(Beginning of Records for this task)
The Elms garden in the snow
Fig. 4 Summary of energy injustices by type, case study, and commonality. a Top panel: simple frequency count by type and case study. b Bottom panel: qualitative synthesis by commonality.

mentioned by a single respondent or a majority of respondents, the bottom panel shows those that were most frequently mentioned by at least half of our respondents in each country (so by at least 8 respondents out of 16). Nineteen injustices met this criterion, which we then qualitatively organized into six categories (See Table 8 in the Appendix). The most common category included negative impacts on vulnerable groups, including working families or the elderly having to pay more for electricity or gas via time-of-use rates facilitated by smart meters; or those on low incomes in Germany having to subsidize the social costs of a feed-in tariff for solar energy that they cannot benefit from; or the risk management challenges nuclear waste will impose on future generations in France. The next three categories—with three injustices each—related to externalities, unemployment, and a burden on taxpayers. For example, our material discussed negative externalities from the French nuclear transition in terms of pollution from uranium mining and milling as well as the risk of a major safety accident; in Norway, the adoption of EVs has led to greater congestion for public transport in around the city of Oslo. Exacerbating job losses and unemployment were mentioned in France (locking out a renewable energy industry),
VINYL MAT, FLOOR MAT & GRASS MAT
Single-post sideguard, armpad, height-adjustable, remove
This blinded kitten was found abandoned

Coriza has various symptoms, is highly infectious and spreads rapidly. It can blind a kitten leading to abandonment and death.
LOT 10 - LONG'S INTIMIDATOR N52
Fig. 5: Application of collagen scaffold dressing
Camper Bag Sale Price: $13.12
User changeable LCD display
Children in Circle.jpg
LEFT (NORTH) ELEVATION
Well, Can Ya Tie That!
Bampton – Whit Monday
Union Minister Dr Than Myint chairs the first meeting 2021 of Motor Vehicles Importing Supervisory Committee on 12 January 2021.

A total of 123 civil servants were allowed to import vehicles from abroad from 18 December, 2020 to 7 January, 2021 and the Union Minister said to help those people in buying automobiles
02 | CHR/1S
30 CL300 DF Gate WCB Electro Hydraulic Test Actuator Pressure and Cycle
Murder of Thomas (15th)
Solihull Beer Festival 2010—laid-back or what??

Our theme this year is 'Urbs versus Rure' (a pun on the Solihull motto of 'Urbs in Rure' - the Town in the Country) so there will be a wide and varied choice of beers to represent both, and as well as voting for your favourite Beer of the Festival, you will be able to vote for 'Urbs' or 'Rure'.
(End of Records for this task)
### [Task statement]
Count each line above in which the string "January" appears, then state only the total.

### [Task solution]
2